= WHAT TO DO =
Please, from the entries below, transcribe exactly the lines that begin at the line with "This reusable 3" and end at the line with "military panoramic photos", without the pictures.
MATERIAL PROVIDED Block Start
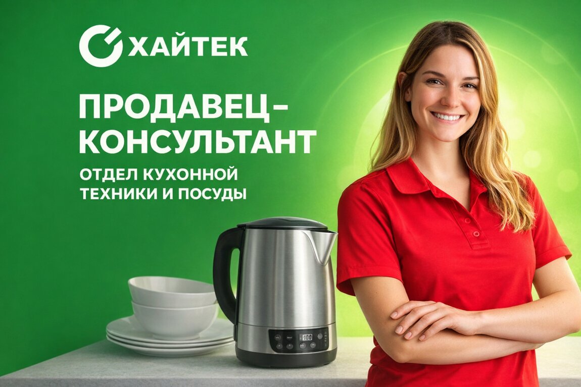 Магазин "Хайтек" приглашает на постоянную работу продавца-консультанта в отдел кухонной техники и посуды.
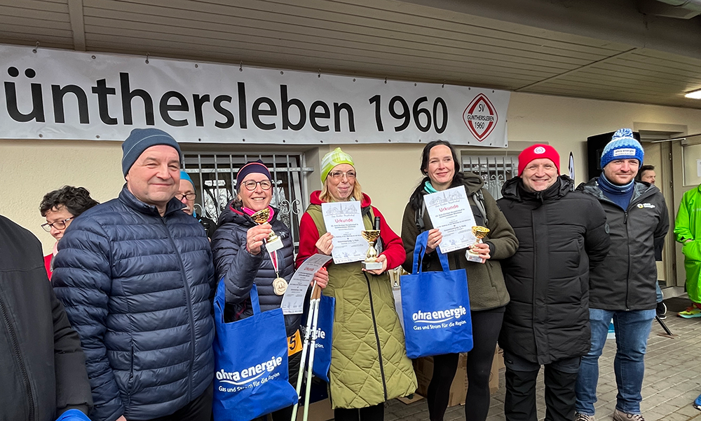 Die Siegerinnen des Nordic Walking-Laufes zusammen mit Jens Leffler (links, Bürgermeister Drei Gleichen), Frank Ritter (2.v.r., Bürgermeister von Günthersleben/Wechmar) sowie Arndt Nelke (ganz rechts, Leiter Vertrieb und Energieeinkauf der Ohra Energie).
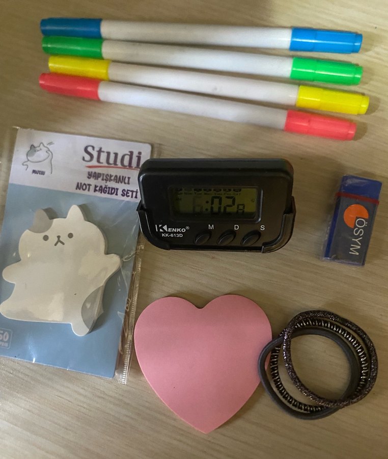 dijital zamanlayıcı, kalp ve kedi şekilli yapışkan notlar, renkli kalemler ile saç tokaları. hepsinin toplam fiyatıdır.
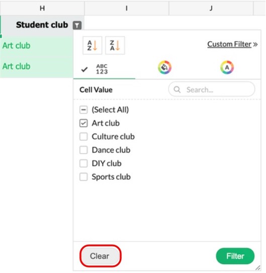 1. フィルター アイコンをクリックし、コンテキストメニューからクリア フィルターを選択する。
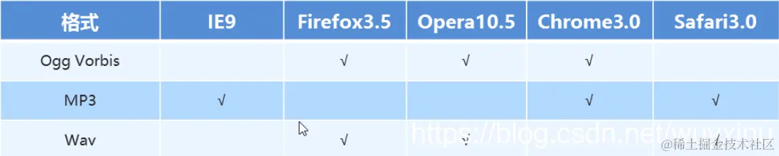 - 可以在不使用标签的情况下,也能够原生的支持音频格式文件的播放,
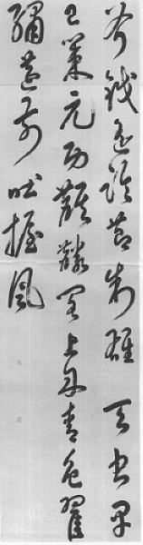 这件草书《七言绝句诗轴》藏于南京博物院,纸本,纵350cm,横95cm。释文曰,“斧钺遥临节制雄,天书早已策元功。麒麟阁上丹青色,翟绣宴前土握风。”未属款识,只钤白文印两方,一方为“汤焕之印”、一方为“尧文父”。其传世书作多为自作诗,此诗风格颇类作者诗风,又因未见古人有此诗作,故笔者臆断为汤氏自作诗。
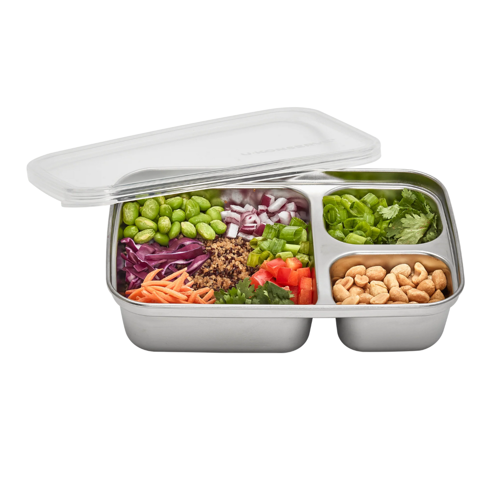 This reusable 3 compartment bento-style lunchbox is versatile enough for many food-storage needs at home and on the go!
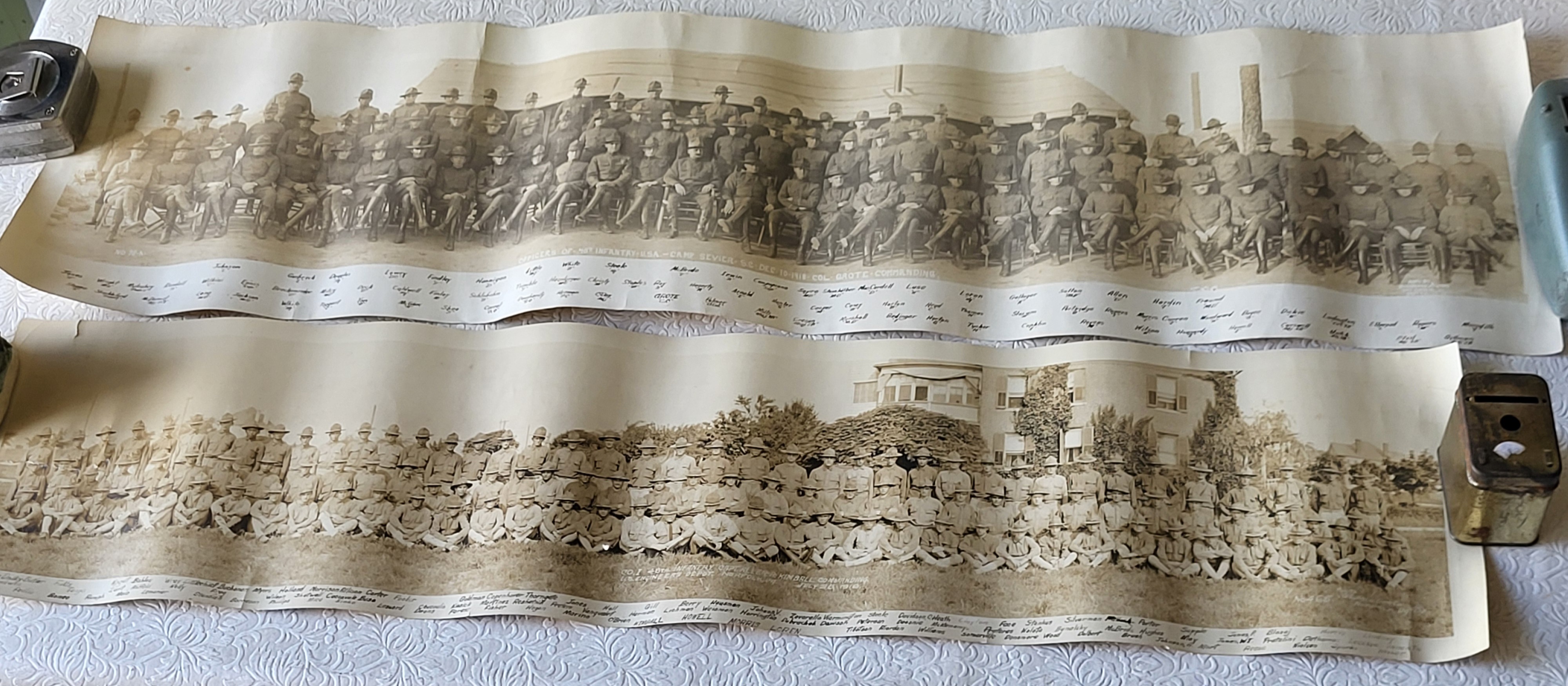 military panoramic photos lot of 2 1918 34″ & 37 1/2″cam sevier scdc10 1918 and 48th infantry 1918 both forone bid both very nice 1 is 34″ long and the other is 37 1/2″ see pics “
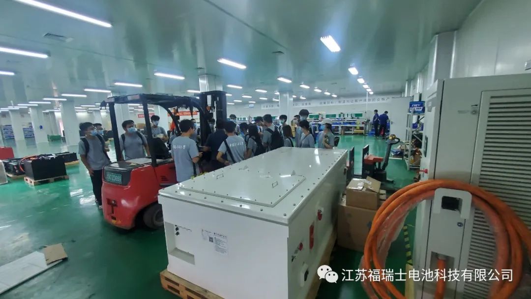 参观电源生产车间,技术负责人通过实物向师生们详细讲解各种电源产品生产流程的全过程以及产品的云平台数据管理系统,通过产品运行数据了解福瑞士最早的电动叉车电源产品已经5年,使用时间超过1.5万小时,师生们都惊叹锂电池技术的应用发展速度。
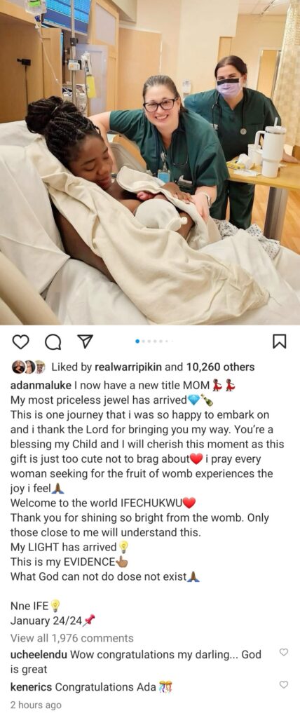 Congratulatory messages are pouring in for actress Adanma Luke as she announces she has welcomed her first child.
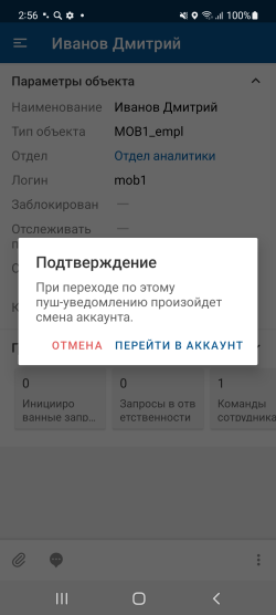Смена активного аккаунта по пуш-уведомлению
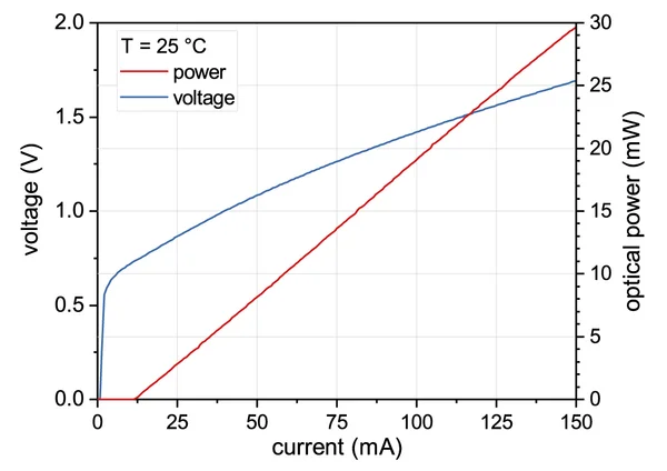 Typical power, current and voltage characteristics of a nanoplus 2004 nm distributed feedback laser diode
MATERIAL PROVIDED Block End
= SOLUTION =
 This reusable 3 compartment bento-style lunchbox is versatile enough for many food-storage needs at home and on the go!
 military panoramic photos lot of 2 1918 34″ & 37 1/2″cam sevier scdc10 1918 and 48th infantry 1918 both forone bid both very nice 1 is 34″ long and the other is 37 1/2″ see pics “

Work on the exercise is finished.